In the final stage, the disease rarely leads to severe consequences. More often, complications such as affective disorders, obsessive-compulsive disorder, phobias, compulsive behavior, neurosis, etc., are observed.

There is no such pathology as sluggish schizophrenia in ICD 10. Usually, it is included in the group of schizotypal disorders (F21). At the same time, it has been studied for a long time. The first data on it appeared in the works of E. Bleuler in 1896, who called it “a mild form of hebephrenia.” In 1902 V.P. Serbsky, describing the symptoms of schizophrenia, which today is called sluggish, used the wording “sluggish early dementia.”

In 1933, this form of the disease began to be used in the differential diagnosis of childhood types of schizophrenia. In particular, the Soviet psychiatrist G.E. Sukhareva was engaged in such practice. Only in 1955 R.A. Najarova describes the symptomatology of sluggish schizophrenia under this very name. In 1969 his work was published by Professor A.V. is filled by

After that, the disease described began to be used as a full-fledged diagnosis. Today, psychiatrists, on a case-by-case basis, use the names “sluggish schizophrenia” or “schizotypal disorder” to describe the pathology.


The leading cause of schizophrenia is a disorder in the brain when an improper exchange of neurotransmitters provides connections between neurons – brain cells. Many factors can provoke such disorders.

It is usually a question of heredity. However, genetic predisposition cannot fully explain this pathology since 10% of patients do not have people with mental disorders in their families. Other provoking factors include:

  • Abnormal embryo development can result from injuries to the mother or her unhealthy lifestyle during pregnancy.
  • Problems in upbringing. The likelihood of psychosis increases if the child is raised in an environment of permissiveness or despotism. Physicians claim that today there is an increase in the number of schizophrenic patients neglected by their mothers during childhood.
  • Shocks. Often they trigger the disease’s development, especially in the presence of a genetic predisposition. We are discussing sexual violence, dismissal from work, expulsion from the university, cheating on a spouse, etc.
  • Age crises. Schizophrenia mainly manifests in childhood or at the age of 25-35. In these intervals, crises may be connected with the beginning of adult life, with the necessity of leaving the parental home or building your own family.
  • Alcoholism and drug addiction.
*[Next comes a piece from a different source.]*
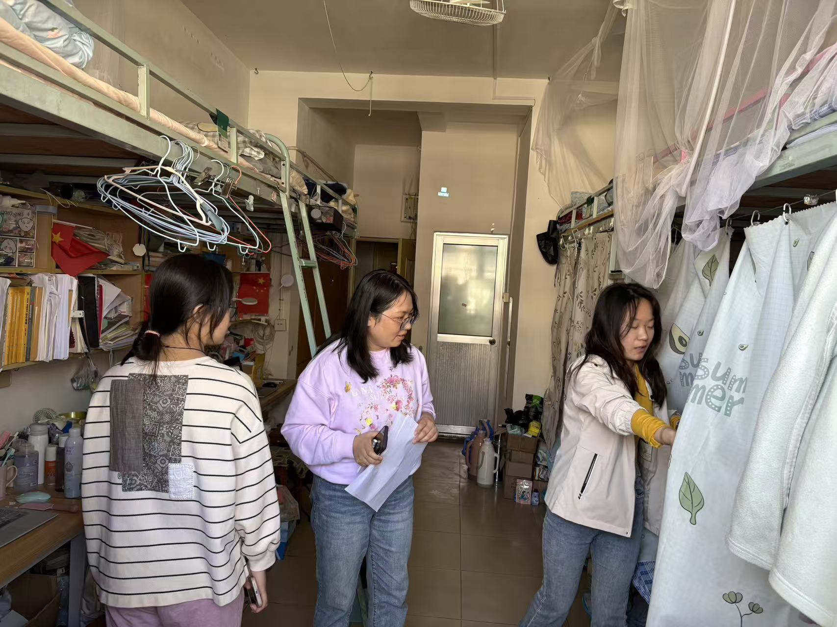辅导员深入学生公寓开展安全检查。重点检查违规停放电动车、私拉电线充电等危险行为,并向同学们讲解电动车安全充电知识。本次检查有效排查了学生公寓内的电动车安全隐患,为学生营造了安全的住宿环境。

Regular consumption of psychoactive substances negatively affects many parts of the brain. Schizophrenia can also be a consequence of such addictions.

These are the main factors. Mechanical trauma can also lead to abnormalities in the brain. In the clinical practice of psychiatrists, there are cases where signs of schizophrenia began to appear five or even ten years after the trauma.


Sluggish schizophrenia can be continuous and seizure-like. But often, there is the first type of pathology, which has three stages of development:

  • Latent. Symptoms are poorly expressed and therefore unnoticed by the relatives of the patient, who do not consider or feel ill. However, he refuses to communicate with people, leave the house, and go to school or work. Often there is nervous overexcitement or depression. The disease usually begins in adolescence. More vivid signs appear several years later.
  • Active. Symptoms become pronounced. People around him begin to notice something “strange” happening to the person. He often panics, is afraid of everything, and worries for no reason. Delusions and hallucinations are absent.
  • Weakened. The patient’s condition returns to normal. A quiescence period sets in, lasting for dozens of years.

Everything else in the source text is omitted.